• [What this task involves]
Leave the pictures out, and repeat exactly every line from the one with "Stylowy i pojemny" through the end of the data below.

***** Given information

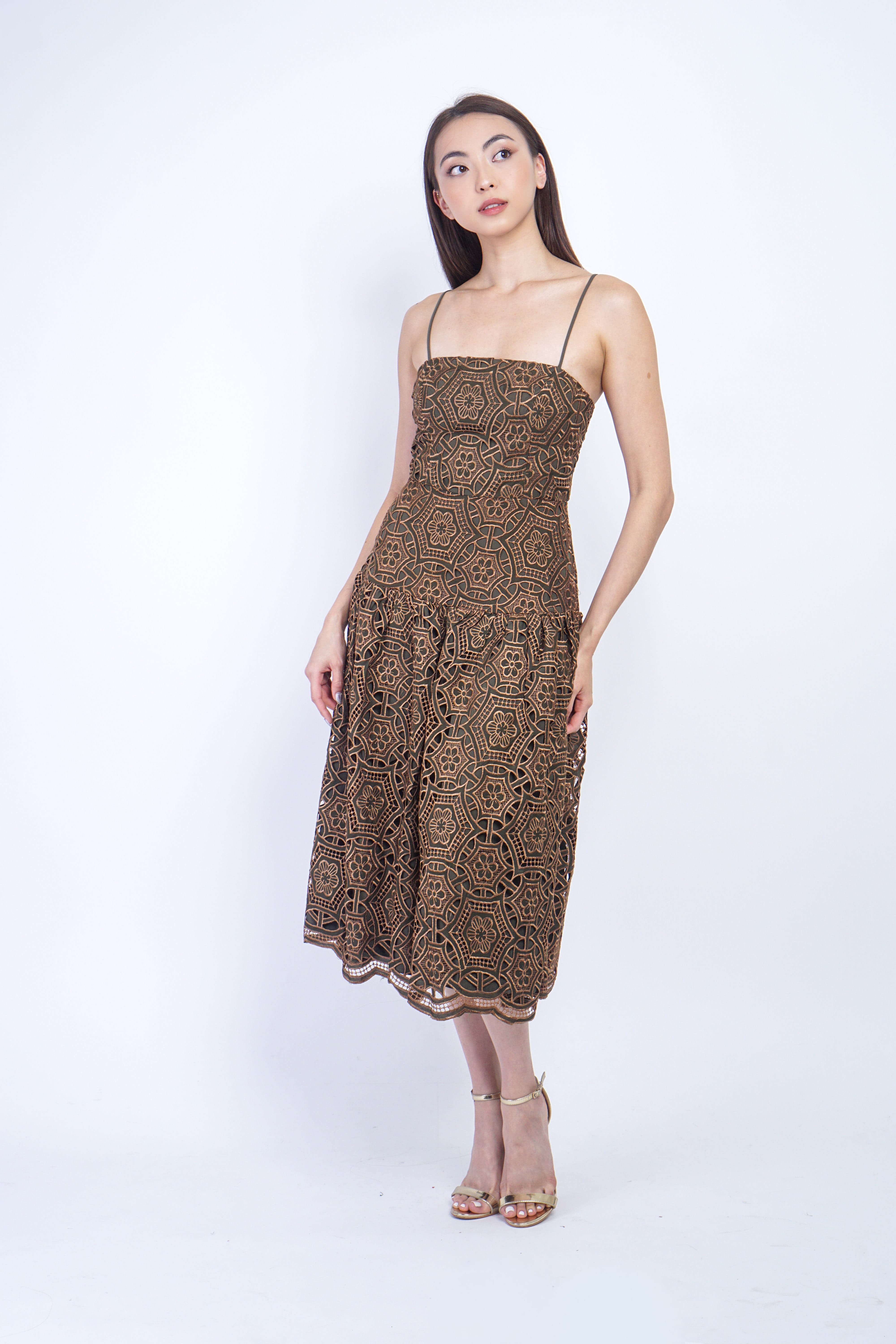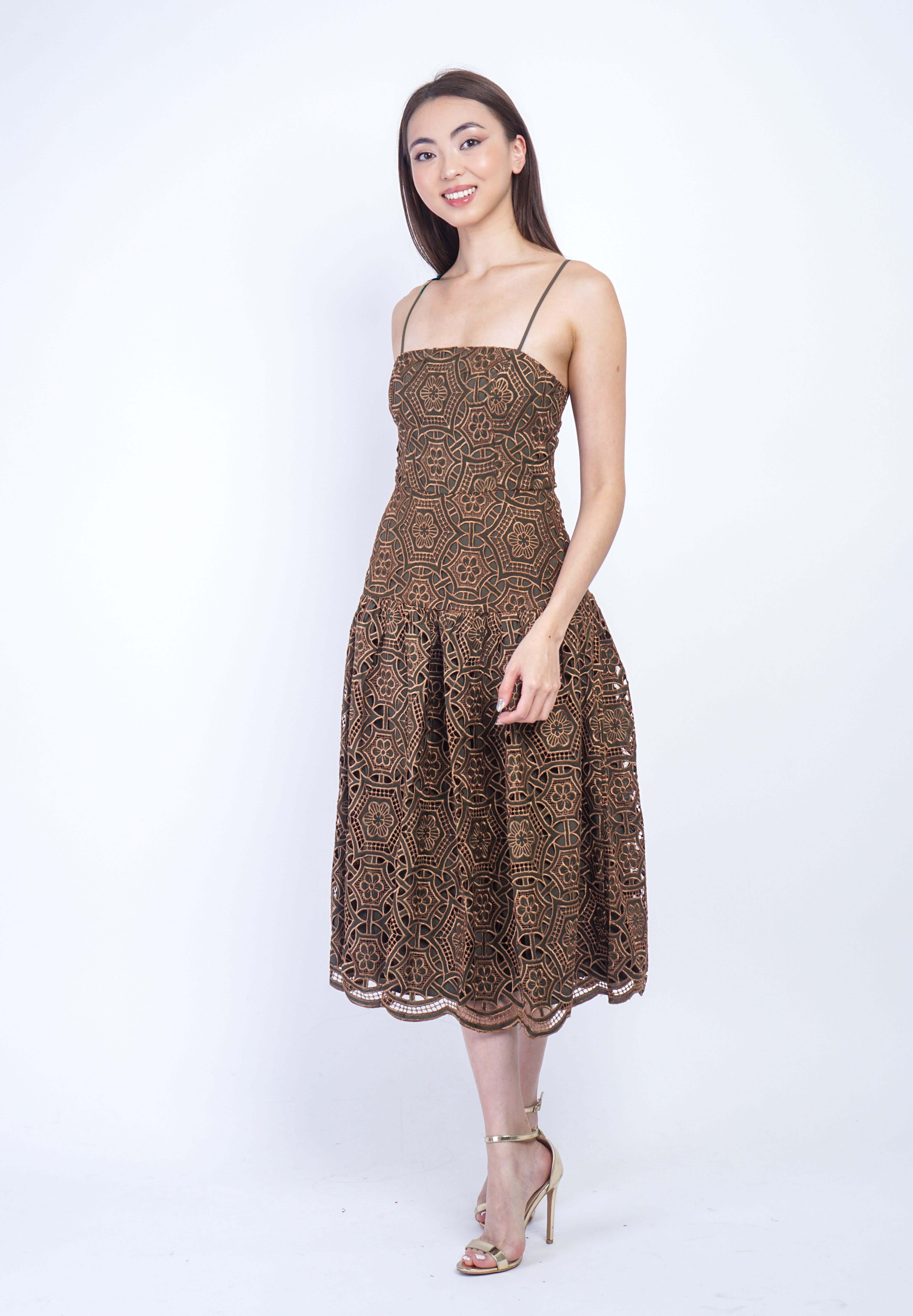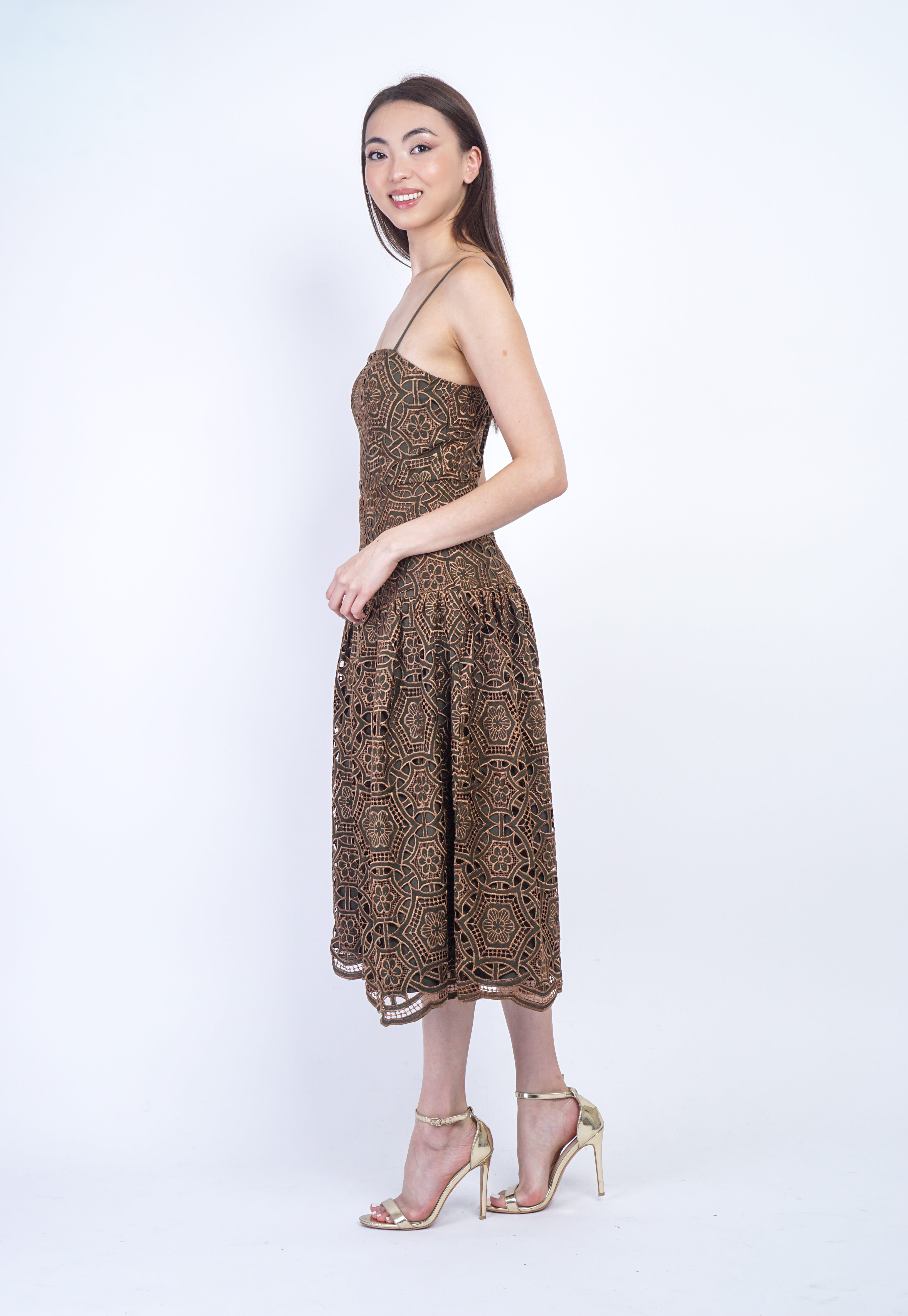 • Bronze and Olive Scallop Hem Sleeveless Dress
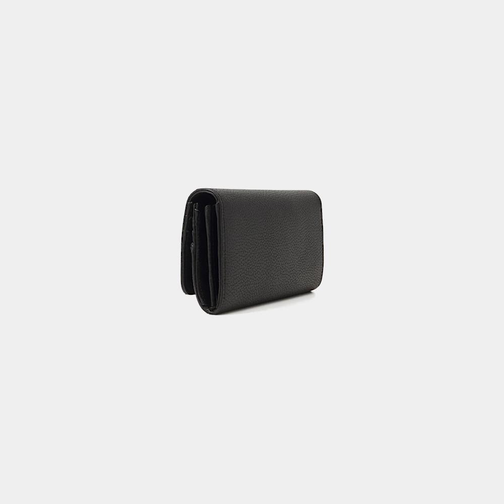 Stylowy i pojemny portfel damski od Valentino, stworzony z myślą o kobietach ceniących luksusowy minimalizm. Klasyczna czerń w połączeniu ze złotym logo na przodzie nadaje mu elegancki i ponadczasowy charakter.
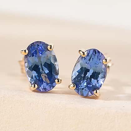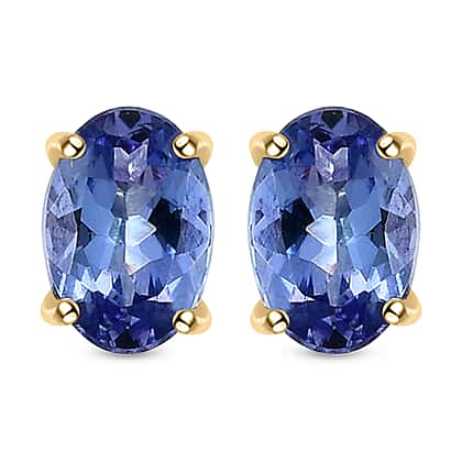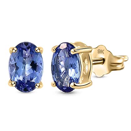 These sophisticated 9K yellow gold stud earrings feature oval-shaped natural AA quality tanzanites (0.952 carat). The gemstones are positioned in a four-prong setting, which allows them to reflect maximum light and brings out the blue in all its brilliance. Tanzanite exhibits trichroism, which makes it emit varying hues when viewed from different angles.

**********

• [The answer]
 Stylowy i pojemny portfel damski od Valentino, stworzony z myślą o kobietach ceniących luksusowy minimalizm. Klasyczna czerń w połączeniu ze złotym logo na przodzie nadaje mu elegancki i ponadczasowy charakter.
 These sophisticated 9K yellow gold stud earrings feature oval-shaped natural AA quality tanzanites (0.952 carat). The gemstones are positioned in a four-prong setting, which allows them to reflect maximum light and brings out the blue in all its brilliance. Tanzanite exhibits trichroism, which makes it emit varying hues when viewed from different angles.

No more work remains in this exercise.